> DATASET EXTRACT
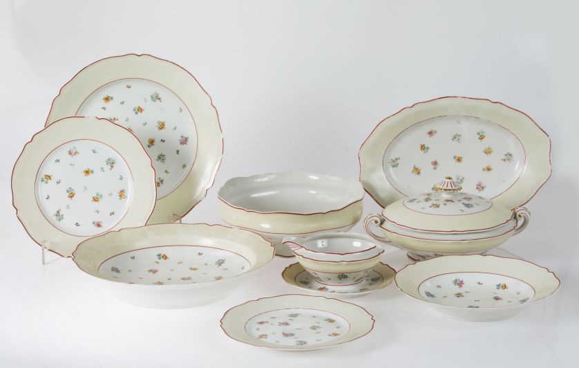 Vajilla de porcelana blanca esmaltada, Limoge, Francia. Con decoración estampada de flores en policromía y filo en color vino. Compuesta por: 17 platos llanos, 6 platos hondos, 6 platos de postre, 2 fuentes circulares, 1 fuente ovalada,  1 frutero, 2 soperas y 1 salsera. Marcas en la base. Piquetes y restauraciones.
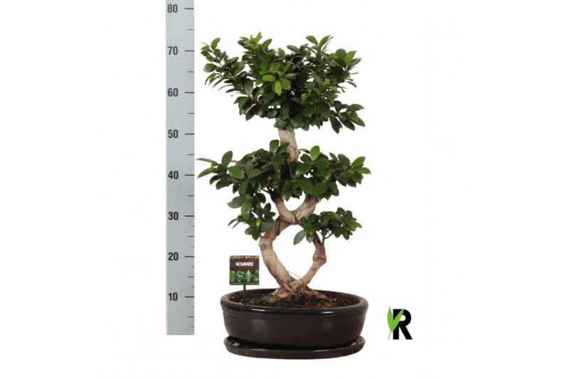 Ficus microcarpa ginseng Ficus micr. 8-type in keram. ovaal schaal met
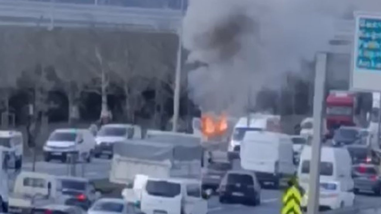 Alevlerin yükseldiği kamyonetteki yangın ise çevredeki vatandaşlar tarafından cep telefonu kamerası ile kaydedildi.

> WORK TO COMPLETE
Everything from the top line of the data down to and including the line with "Ficus microcarpa ginseng" is to be copied, except the pictures.

> SOLVED PROBLEM
 Vajilla de porcelana blanca esmaltada, Limoge, Francia. Con decoración estampada de flores en policromía y filo en color vino. Compuesta por: 17 platos llanos, 6 platos hondos, 6 platos de postre, 2 fuentes circulares, 1 fuente ovalada,  1 frutero, 2 soperas y 1 salsera. Marcas en la base. Piquetes y restauraciones.
 Ficus microcarpa ginseng Ficus micr. 8-type in keram. ovaal schaal met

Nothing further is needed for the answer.